FIELD OF THE INVENTION
The present invention relates to a knee joint simulator and in particular to a simulator which would be cost effective, simple to manufacture and use and more importantly also adapted to take into account the various gait cycles simulating said walking/running conditions load and the displacement time histories and simulate in the best possible manner the forces that naturally occur in joint due to physiological conditions during walking or running. Advantageously the simulator utilizes bone model and simulates the real situation closely. The simulator is specifically adapted to provide extremely cost effective testing of tibial and femoral implants especially involving biocompatible materials i.e. which are not harmful to the human body systems.
BACKGROUND ART
The importance of effective partial or complete joint replacement to reduce patient's suffering is well known and over the years there has been a continuous effort to improve upon the art of joint replacement.
US6205411 describes methodology and experimental apparatus for replacement of hip, knee, wrist, shoulder or a foot and ankle joints. The apparatus basically includes a pre-operative geometric planner and pre-operative kinematics of a biomechanlcal Simulator. DE19746333 discloses a machine having a frame compressing horizontal or slightly angled rails with a sliding heel trolley.
It is also known that a great deal of work has been carried out within probably last decade for the development of knee joint simulators. Basically such conventional simulators involve control inputs, which are time histories of flexion angle, flexion-extension forces and moment component of the foot to floor reaction along the tibial. In most cases such articulation of knee joints are provided by stepper motors or electro hydraulic actuators. However in all simulators it is important that the physiological conditions are replicated to the extent possible and force, displacement are measured for feedback considerations. Many multi station simulators are known to specifically reduce the cost and time of testing a number of artificial joints. While there may be several variants of simulators presently in use, however, such simulator are cost-extensive to obtain which make Its use limited and not readily Affordable. Such known simulators usually involve expensive actuators and complex
1

electronic control system leading to high cost of the simulators. All these limitations did not encourage the wide-scale use of the simulators. In recent years use of simulators for the development of implants with biocompatible materials with adequate mechanical and tribological concerns, has become essential. Cost effective simulators are therefore a key to not only the regular testing of standard products but also to the development of newer and safer materials for the implants. There is thus a growing need for simulators which would on one hand be cost-effective and easily affordable and on the other hand be adapted for generating near natural simulated conditions for effective testing of implants for its wide scale and advanced uses / applications for the benefit of mankind.
OBJECTS OF THE INVENTION
The basic objective of the invention is therefore to provide an easily affordable knee joint simulator that gives all the facilities and functions of a standard device and is adapted for developing near-natural implants for future use with least harmful effects to the body-system.

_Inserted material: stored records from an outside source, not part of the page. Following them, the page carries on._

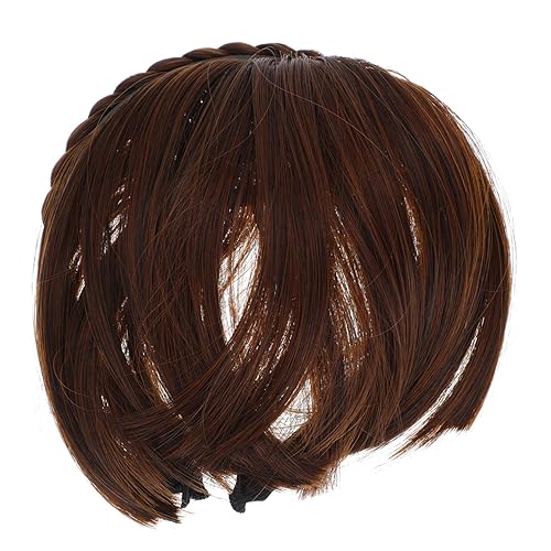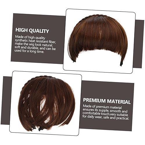 FRCOLOR Lifelike French Style Fake Front Bangs Hair Extensions for Women One Lightweight Ventilated Design Easy to Wear for Daily Party and Cosplay Use Natural Light Brown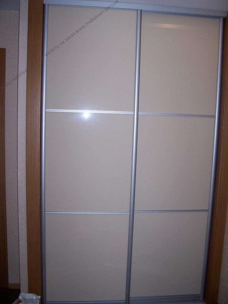 Шкаф-купе на 2 двери. Система Браун с соединительными планками цвет Алюминий. Фасады стекло крашеное. Материал: Корпус - ДСП Орех лесной; Фасады Стекло Лакобель; Система Braun - цвет Алюминий.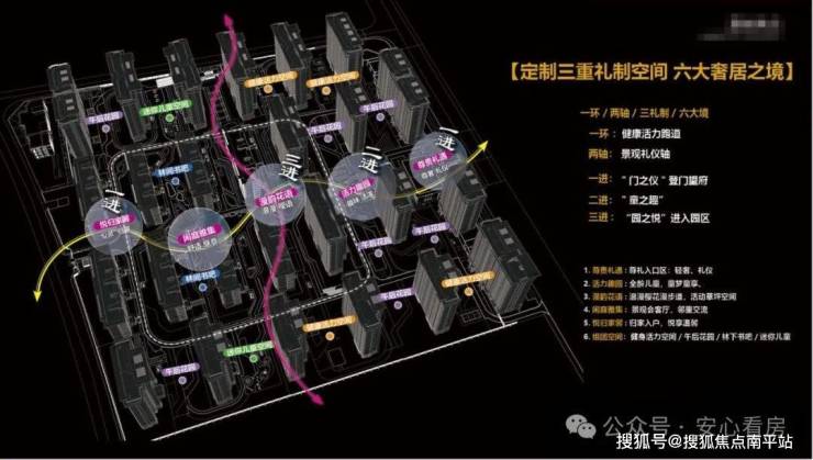 项目专门打造了一环、二轴、三进三礼,形成定制三重礼制空间六大奢居之境,本着以人为本的设计理念,营造一种宁静雅致的体验感观,尽享尊贵大气。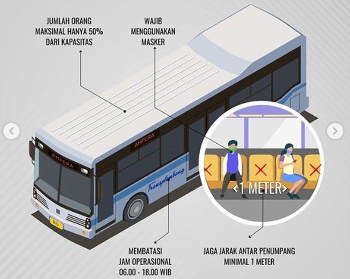 Pada bus, jumlah orang maksimal hanya 50 persen dari kapasitas penumpang.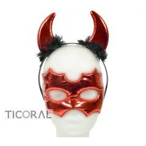 Set para disfraz de diablo. Está formado por una vincha y un antifaz. Se utiliza como accesorio para disfraces, en tandas temáticas de Halloween, en carnavales cariocas, cumpleaños y todo tipo de eventos.
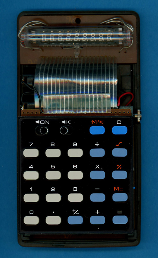 de Luxe III (Version 1) calculator with the frontside of its housing removed.![]() |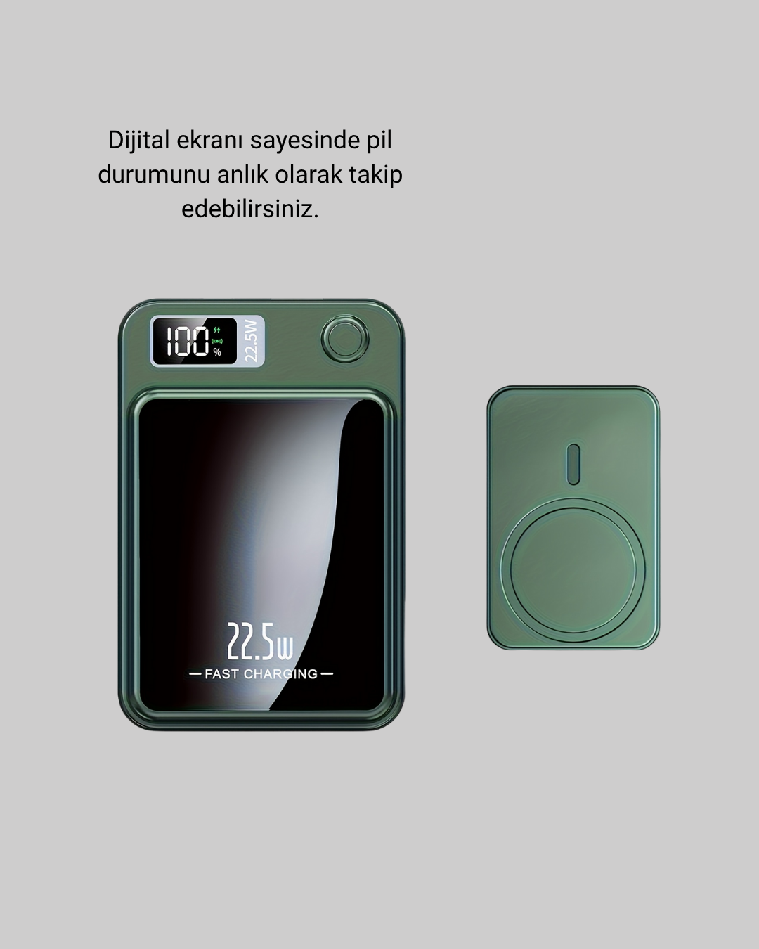 Cihazlarınızı her an güçlü tutmak artık çok kolay! MagSafe Powerbank 10.000 mAh Kablosuz ve Dijital Ekranlı Hızlı Şarj Cihazı, gelişmiş teknolojisiyle şarj deneyimini yeniden tanımlıyor.10.000 mAh yüksek kapasiteli batarya, birden fazla cihazı arka arkaya şarj edebilme gücüne sahiptir.Kablosuz şarj özelliği, kablo karmaşasına son verirken MagSafe uyumlu manyetik tasarımı ile telefonunuza sıkıca tutunur. Bu sayede hareket halindeyken bile şarj bağlantısı kopmadan güvenle kullanabilirsiniz.22.5W hızlı şarj desteği, cihazlarınızı dakikalar içinde şarj eder. Bu güçlü teknoloji, yoğun yaşam temposuna ayak uydurmanızı sağlar.Üzerindeki akıllı dijital ekran, pil seviyesini net şekilde gösterir; böylece enerji miktarınızı her zaman takip edebilirsiniz.Kompakt ve hafif tasarımı, günlük yaşamda taşıma kolaylığı sunar. Şık metalik yüzeyi, modern bir görünüm kazandırırken, dayanıklı dış kaplaması uzun süreli kullanım sağlar.Hem performans hem estetik açısından fark yaratan MagSafe Powerbank 10.000 mAh Kablosuz ve Dijital Ekranlı Hızlı Şarj Cihazı, akıllı kullanıcıların vazgeçilmezi olacak!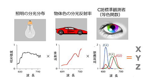 これまで、色彩値の算出に必要な3つの要素、①照明としての光、②色としての物体、③受光器としての目をそれぞれ説明してきました。今回は、これらの要素から得られた値を使用してどのように色彩値を算出するかを説明します。

Another objective of the present invention is directed to provide ease of manufacturing and operation and therefore make It user friendly.
Yet another objective of the present invention is directed to provide a knee joint simulator taking into the account the load and displacement time histories such that the physiological conditions during walking and running are simulated in the best possible manner.
Yet further objective of the present invention is directed to provide a simulator adapted to different Gait-Cycles to simulate effectively the walking or running conditions. Further objective of invention is directed to provide a simulator, which would achieve perfect synchronization between force and displacement in line with the gait cycle. .
Yet another objective of the present invention is directed to provide a simulator that selectively and advantageously involve bone- model-configuration so that transmission of forces to the joint is done in the most realistic manner.
2

Yet further objective of the present invention is directed to provide a simulator that takes into account the instantaneous center of rotation in a moving co-ordinate system during joint articulation so that the movement is realistic whereby loads are transmitted via the real bone-model that takes into account the stiffness and damping that occurs naturally during walking or running cycle.
SUMMARY OF THE INVENTION
Thus according to the basic aspect of the present invention there is provided a knee joint simulator comprising:
means for holding a tibial implant and a femoral implant in mutually cooperative disposition adapted to simulate the walking /running conditions;
means for holding the femoral implant stationary and fixed and the tibial implant adapted for motion mimicking normal human joint movement during said walking/running conditions;
said tibial implant operatively connected to a cam runner and a stepper motor at one end and to an actuator at its other end to generate related motion time history ;
a control panel adapted for controlled operative motion of said tibial implant, connected to said cam runner and a stepper motor at one end and to an actuator at its other end, based on the various gait cycles simulating said walking/running conditions generated by a computer means.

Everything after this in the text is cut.